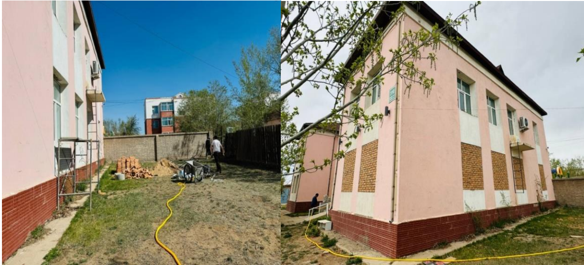
Зураг 5. Архивын цонх битүүлэх явц Зураг 6. Архивын цонх битүүлсний дараа

• Архивын хадгаламжийн нэгж, нягтаршуулсан шүүгээний талаарх одоогийн байдлаарх мэдээлэл судалгааг мөн цаашид авах шаардлагатай арга хэмжээ, нэмж шаардагдах нягтаршуулсан шүүгээний судалгааг тооцоолон гаргаж нэгдсэн архивын газарт санал хүргүүлсэн.
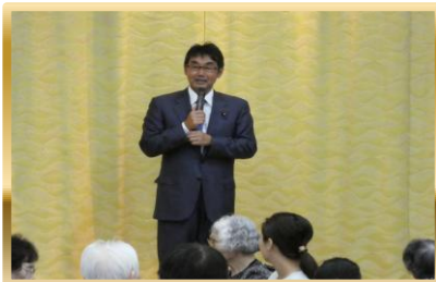
河井克行衆議院議員様
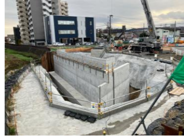
橋台新設(西側)完了
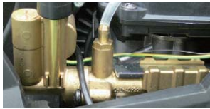
高い耐久性の真ちゅう製シリンドラーヘッド

ボイラーはステンレス製のヒートコイルを採用し、高い耐久性と効率の良い低燃費を実現しました。また、シリンドラーヘッドは高い耐久性を誇る真ちゅう製です。本体も移動や衝撃に耐えられる頑丈な設計です。
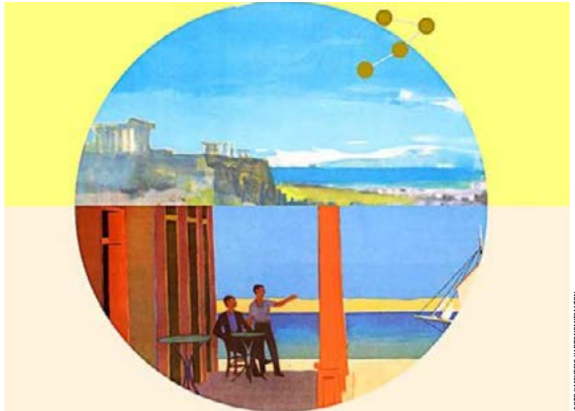
Η αφίσα για τις αφίσες

ΚΕΡΚΥΡΑ. Το 4ο Πειραματικό Δημοτικό Σχολείο Κέρκυρας – «Αθηναγόρειο» διοργανώνει το 2ο Δεκαήμερο Γνώσης, Τέχνης και Πολιτισμού, από τις 3 έως και τις 12 Ιουνίου 2026, σε εμβληματικούς χώρους της πόλης της Κέρκυρας. Το πρόγραμμα περιλαμβάνει εικαστικές εκθέσεις, μουσικές, θεατρικές και χορευτικές παραστάσεις, διαδραστικές και καινοτόμες εκπαιδευτικές πρωτοβουλίες, ανοιχτές στο κοινό.
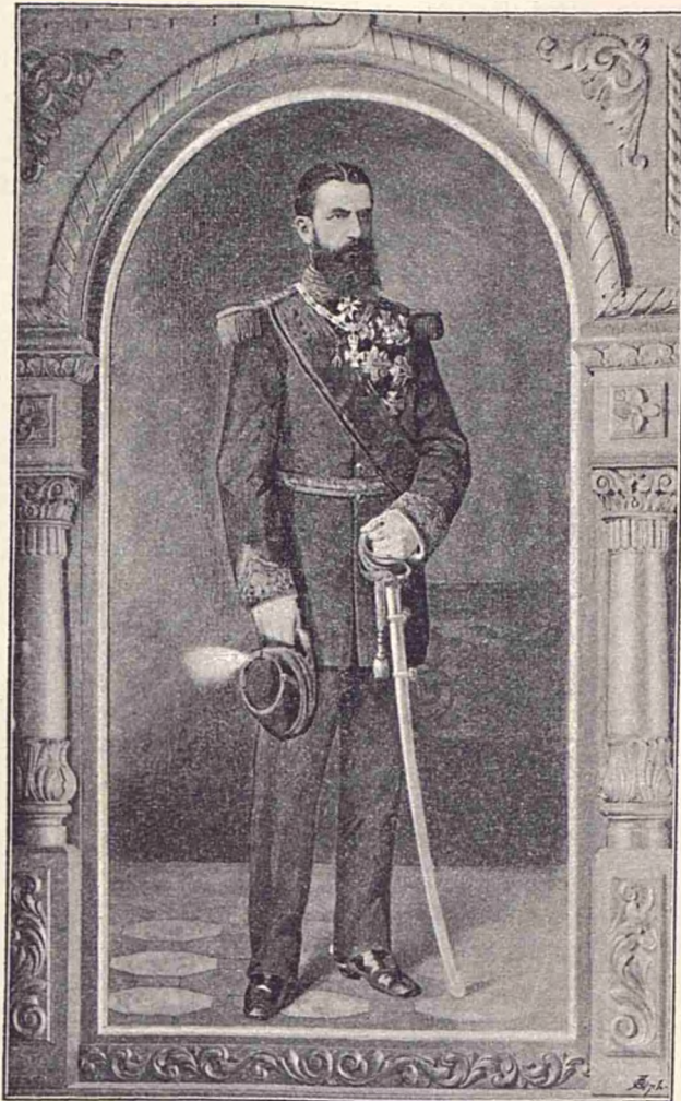
M. S. Regele Carol I.

«Și la inimă îmi morse când Măria-Sa grăi De-al de noi, de noi Țărații, ca părinte cu'ndurare: «Cele bune, cu încetul se pot bine făptui; «Gândul Meu la voi îmi este să vă ved în bună stare.
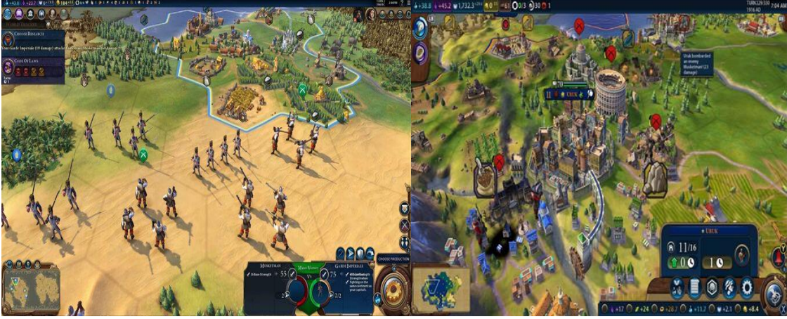
Şekil 9. Civilization serisi (Amazon).

Bu oyunla imparatorluğunuzu harita üzerinde çok geniş bir alana yayabilir, araziden tam olarak istifade eden özel şehirler inşa edebilirsiniz. Sahip olduğunuz medeniyeti daha hızlı ilerletmek ve geliştirmek için yeni kültürler keşfedebilirsiniz.
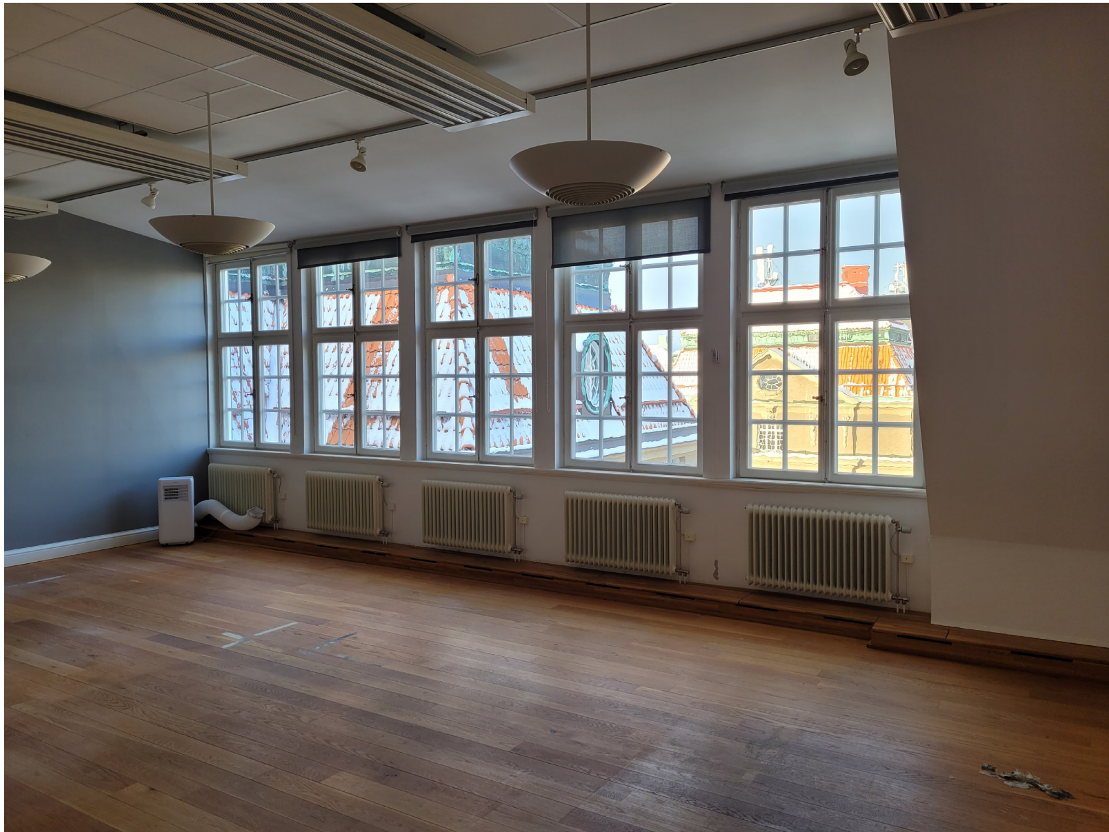
Rum i nedre vindsvåningen med en grupp av tätt sittande fönster. På detta plan finns flera f.d. salar med förstärkt dagsljusinsläpp. Dessa rum har bl. a. använts som ateljéer.
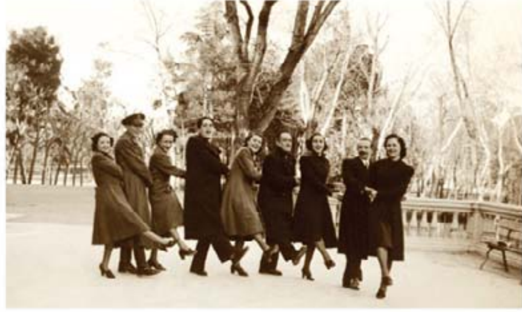
80. Judo Dize, 1940.
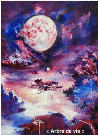
« Arbre de vie »
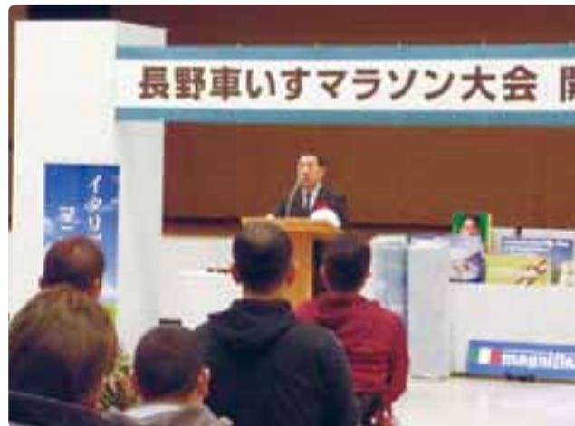
第13回長野車いすマラソン大会開会式 平成29年4月
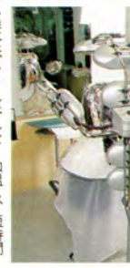
→髪全体をまんべんなく加温し、短時間で薬剤を浸透させる特殊赤外線加温器。
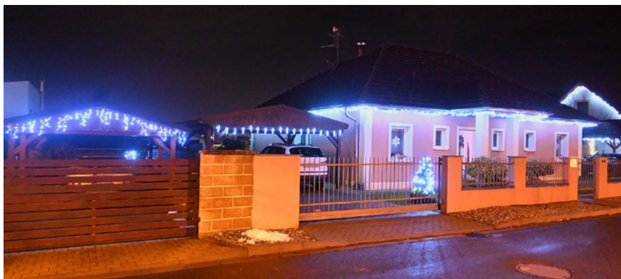
Vánoční výzdoba v ulici Za Školou
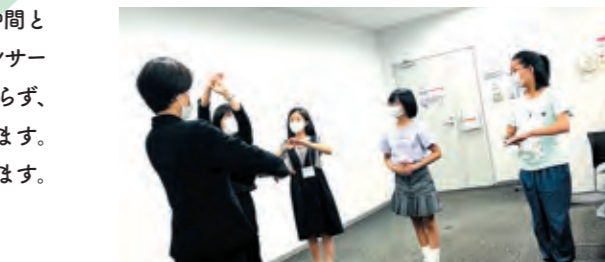
お客様のご案内研修
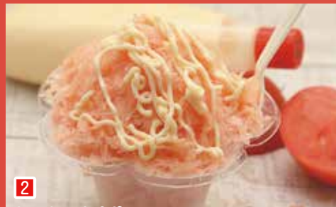
2 トマトのかき氷 魁ジェラート (市川市八幡 5-1-26)
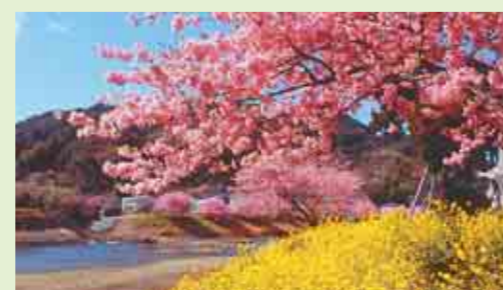
▲春の訪れを告げる河津桜と菜の花(2月上旬から見ごろ)
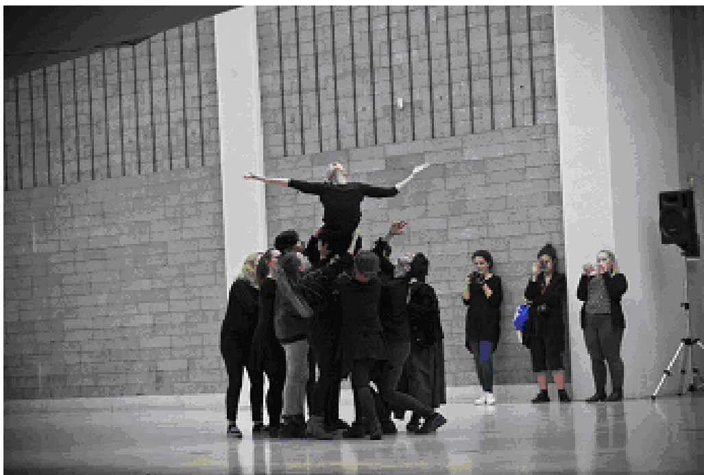
Pohybově-vizuální instalace Secret Journey, uvedení 14.10.2017
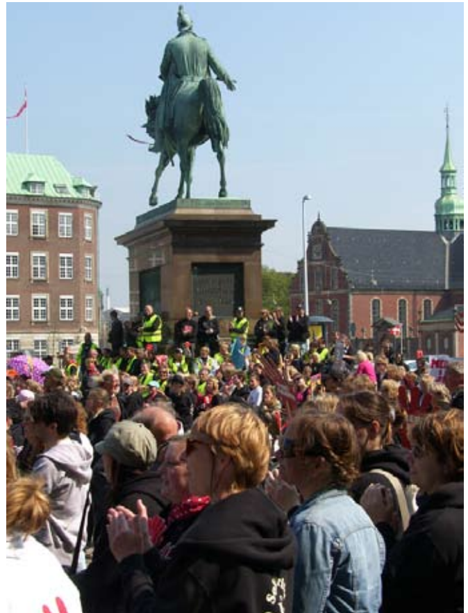
De fleste danskere vil have dagpengesatsen sat op, men det overvældende flertal på Christiansborg ignorerer det

Når der kræves højere dagpengesatser, er det en god idé i samme åndedrag at
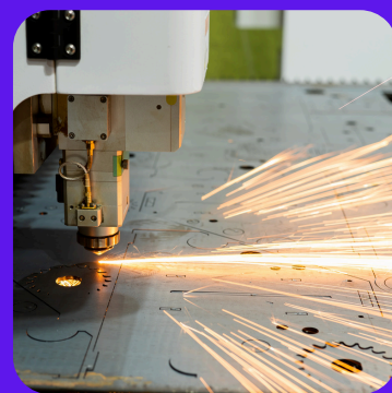
De la découpe laser
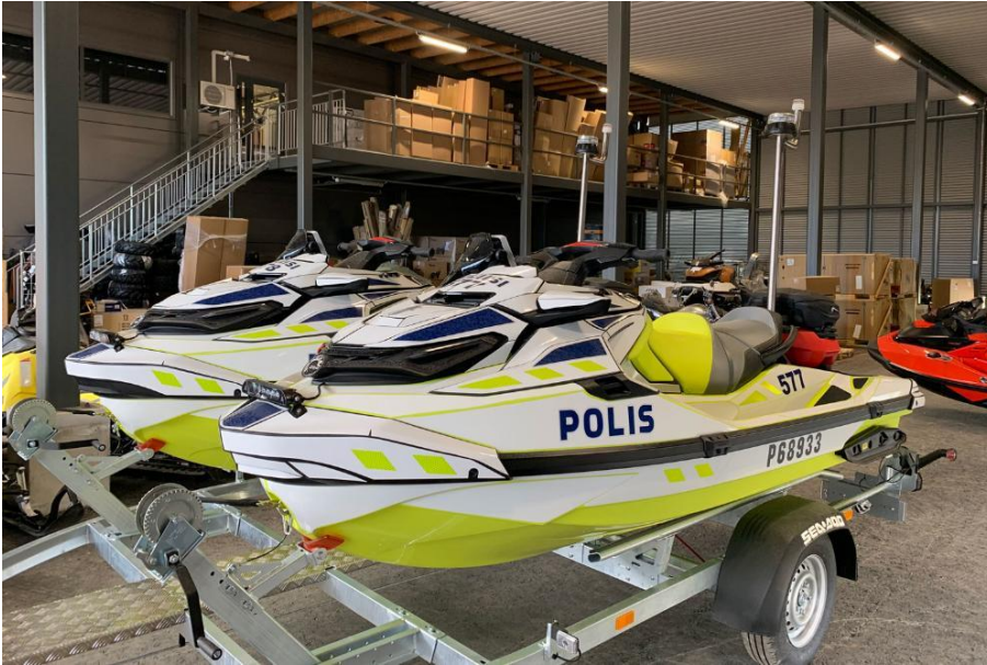
Kuva 4. Seadoo RXT300 trailerilla (Poliisin verkkosivut, ajoneuvot 2020)
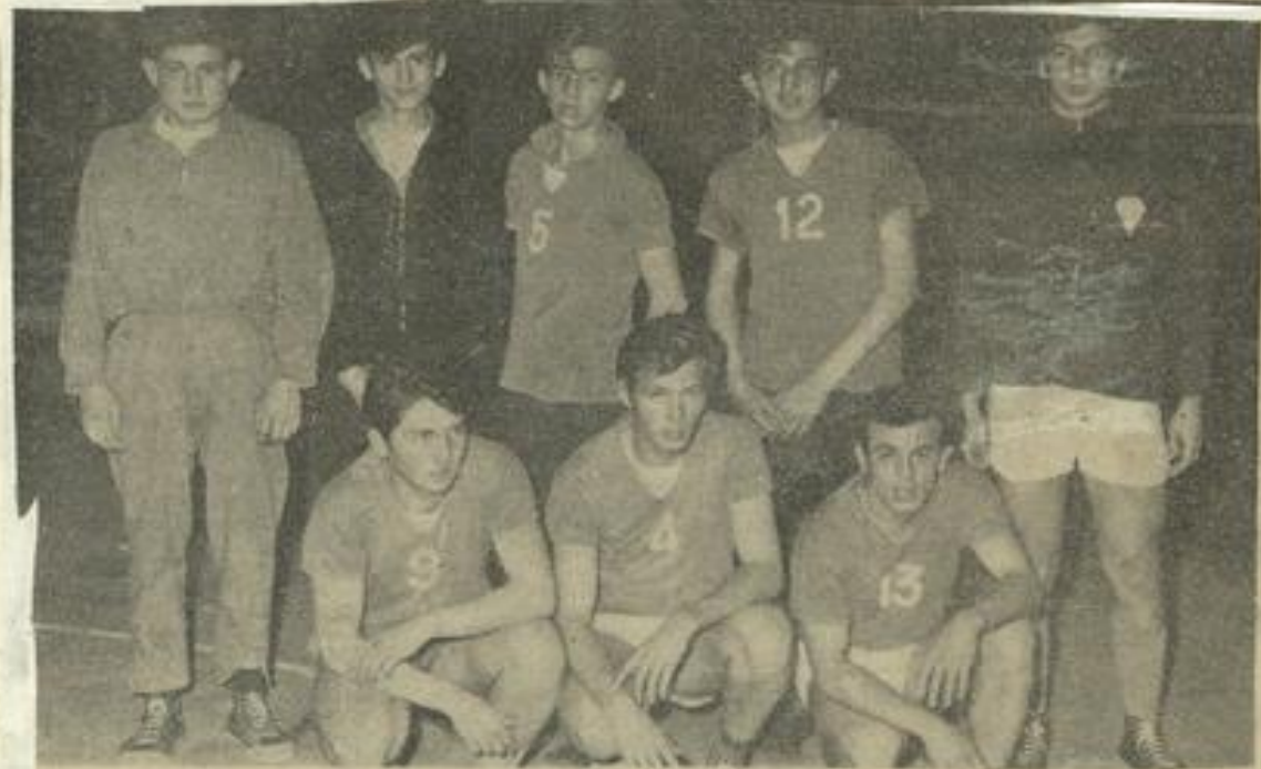
● Les deux équipes : — En haut : l'A. S. Police de Carcassonne. — En bas : Lézignan.
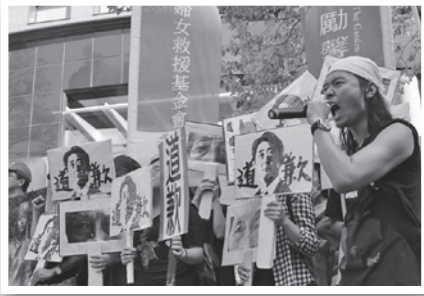
▲ 抗議現場民眾舉標語呼口號
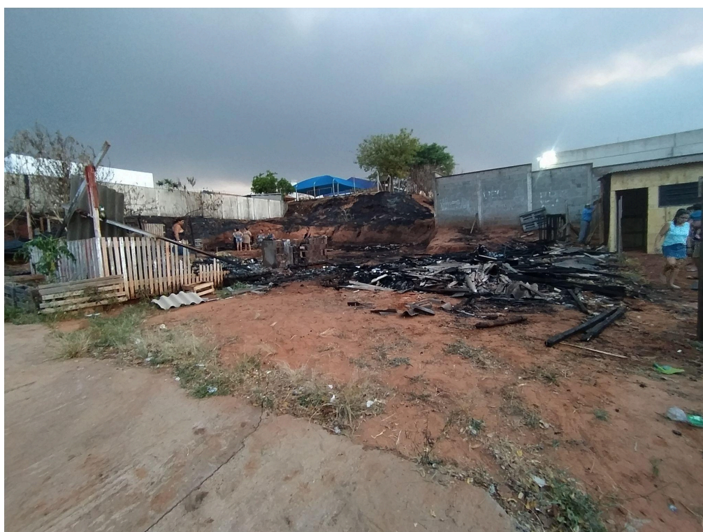
Figura 7 - Área do incêndio que acometeu a Cozinha Solidária do MTST, outubro de 2024.

O episódio ocorreu apenas dois dias após a eleição de Fernanda Castellano (PSOL), como vereadora de São Carlos, candidatura que contou com apoio ativo de Jéssica e Patrícia,
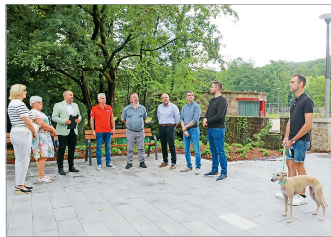
Közgyűlési tagok bejárása a tapolcai parkban.

– Képviselőtársaim részéről pozitív visszajelzések érkeztek, de pontosan tudjuk, hogy van még néhány elvégzendő feladat.
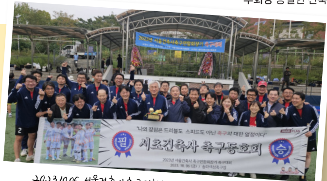
2023.10.06 서울건축사축구연합회장기 축구대회에서 우승한 날
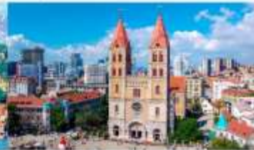
โบสถ์คริสต์เซนต์ไมเคิล

*ทางบริษัทฯ ขอสงวนสิทธิ์ในการสลับโปรแกรมทัวร์ตามความเหมาะสมขึ้นอยู่กับสถานการณ์หน้างาน โดยคำนึงถึงผลประโยชน์ของลูกค้าเป็นสำคัญ
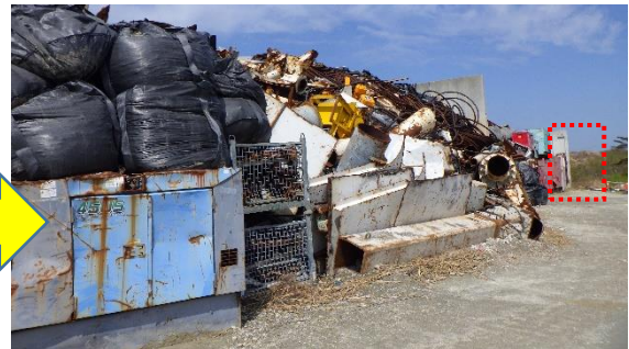
(写真1-2) 一時保管エリアP1 東側の状況② (今回(令和5年3月28日)南側から撮 影)
======
• **Task description**
Wherever a line of the records above contains the string "Архивын", copy that line out.

• **Result of the exercise**
Зураг 5. Архивын цонх битүүлэх явц Зураг 6. Архивын цонх битүүлсний дараа
• Архивын хадгаламжийн нэгж, нягтаршуулсан шүүгээний талаарх одоогийн байдлаарх мэдээлэл судалгааг мөн цаашид авах шаардлагатай арга хэмжээ, нэмж шаардагдах нягтаршуулсан шүүгээний судалгааг тооцоолон гаргаж нэгдсэн архивын газарт санал хүргүүлсэн.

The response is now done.